Dès lors nous apprendrions à nous libérer du superflu, et l’artiste viendrait nous offrir le vide pour nous inspirer de construire autrement... à l’image de nos consciences déchargées de nos croyances.

C’est une nouvelle révolution de l’histoire de l’art et de l’Histoire au sens large.

Au début des années 60, Roy Lichtenstein utilisait son point de trame pour incarner l’idée de l’industriel : son art reproduisait symboliquement cette société de consommation dans laquelle nous entrions à grand pas, Warhol reproduisait en 1962 des Mao à l’infini pour dénoncer la propagande communiste certes mais aussi parce que le nouveau langage était celui de la multiplication des images à l’instar de la publicité. Mel Ramos déshabillait des femmes pour mieux les vêtir de Logos publicitaires... le pop Art était né, l’imagerie populaire déclenchée par la publicité habitait progressivement nos inconscients comme la nouvelle norme. La consommation.

Des images, des slogans, voilà ce qui a inspiré et décomplexé les artistes jusqu’à aujourd’hui. L’âme du pop art comme inspiration majeure des artistes contemporains et encore maintenant.

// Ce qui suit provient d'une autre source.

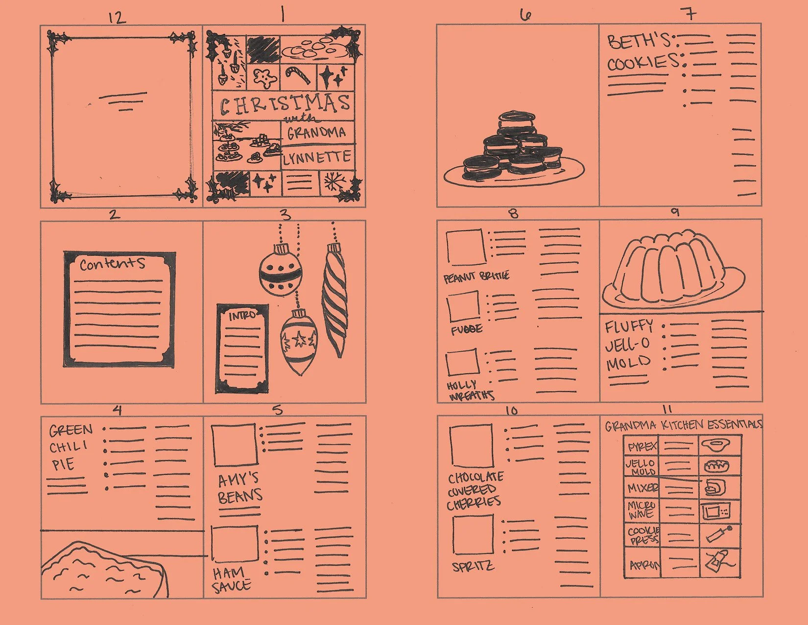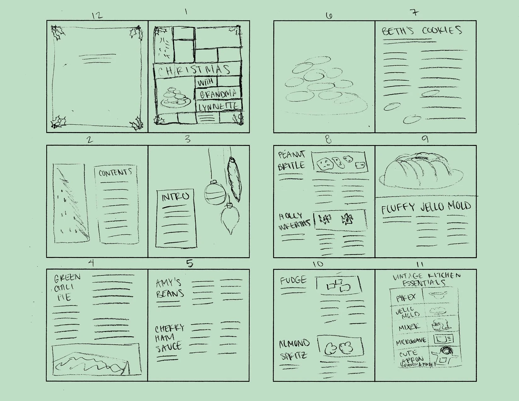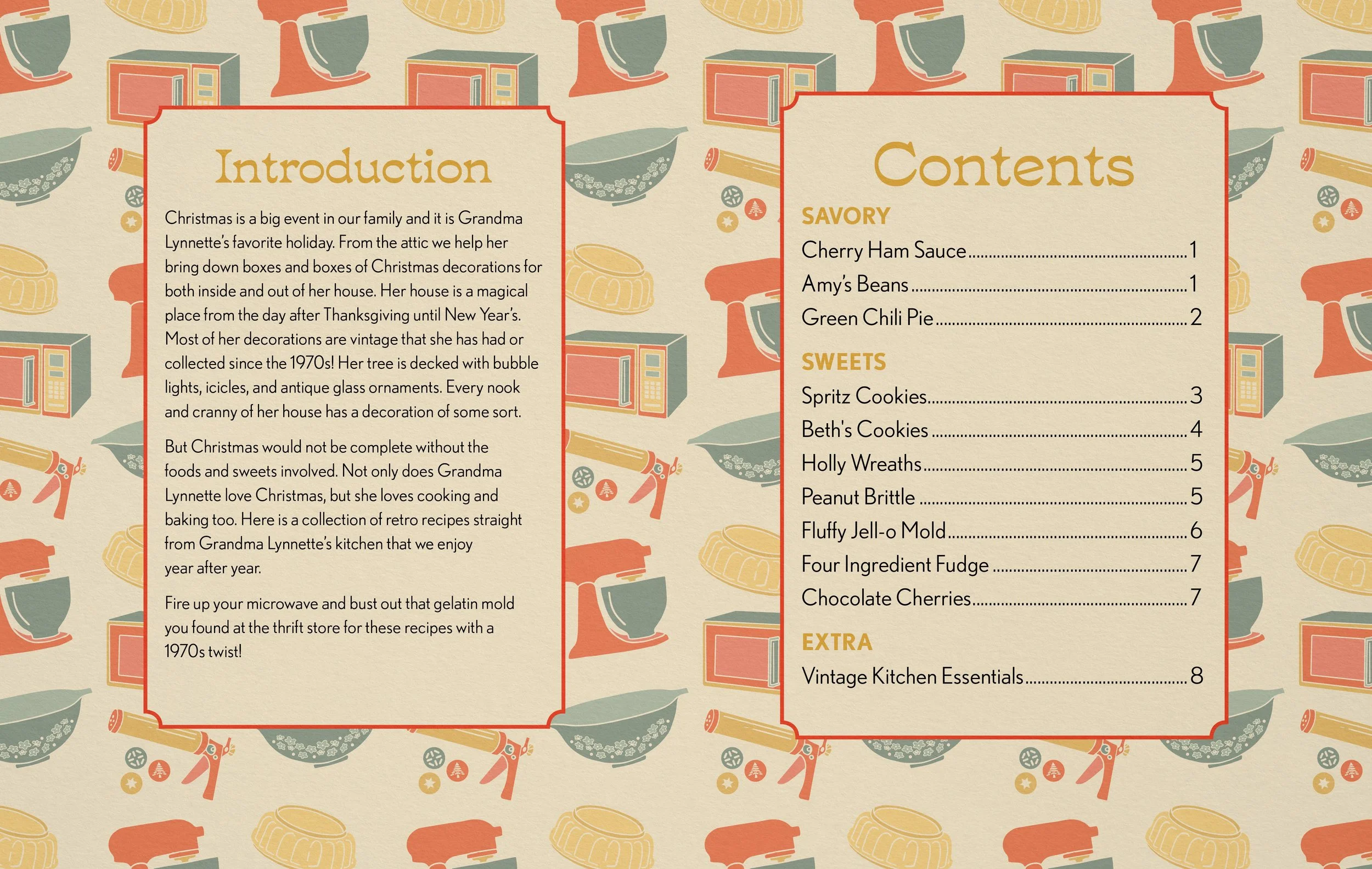 Christmas with Grandma Lynnette is a collection of recipes straight from my grandma’s kitchen that we enjoy year after year at Christmastime. This recipe book captures the retro homemade charm of my grandma’s kitchen and recipes through the use of a softer (maybe a lil dingy like a vintage couch) Christmas color palette, festive typography, and hand-drawn vector illustrations.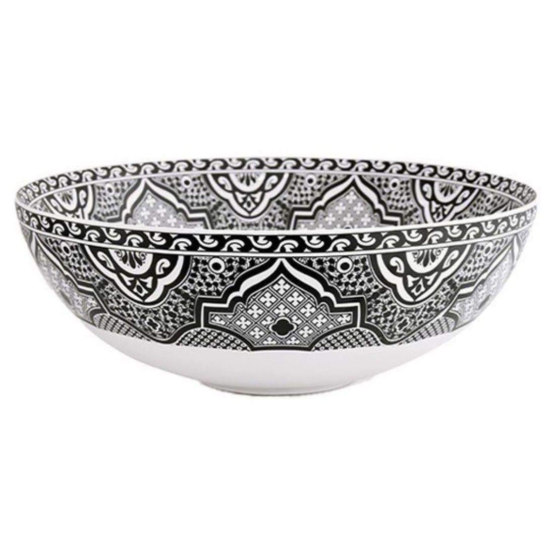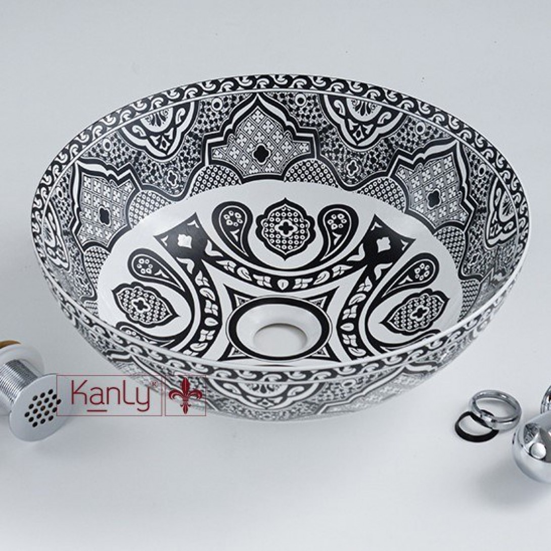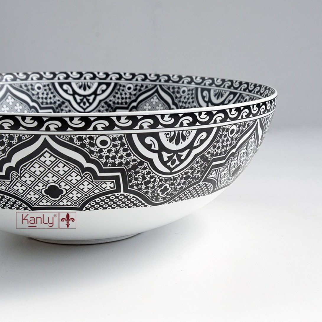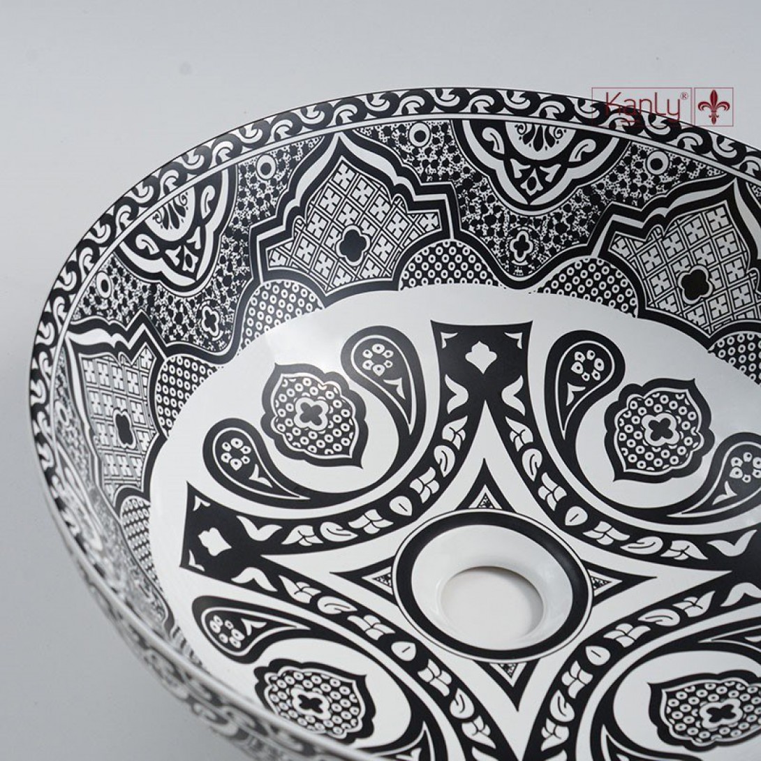 - Lavabo sứ mỹ thuật phong cách Moroccan SU713 gợi nhắc đến vẻ đẹp di sản của vùng Bắc Phi, nơi nghệ thuật hình học và hoa văn bản địa được truyền từ thế hệ này sang thế hệ khác. Mặt trong và ngoài chậu được phủ kín bởi những họa tiết đối xứng, hòa quyện giữa các tông màu như nâu gạch, xanh lá bạc hà, vàng hoàng thổ và đen huyền.

Mais comme après chaque crise historique vient le moment de se questionner sur ce que va vouloir projeter fondamentalement l’Art, et après ces années d’accumulations et de saturations d’images et de consommation, l’épure viendrait chasser tout cela comme le figuratif pop a pu chasser l’expressionnisme abstrait? Après cette course effrénée, cette accélération sans limite, nos artistes pourraient-ils simplement souhaiter faire le vide?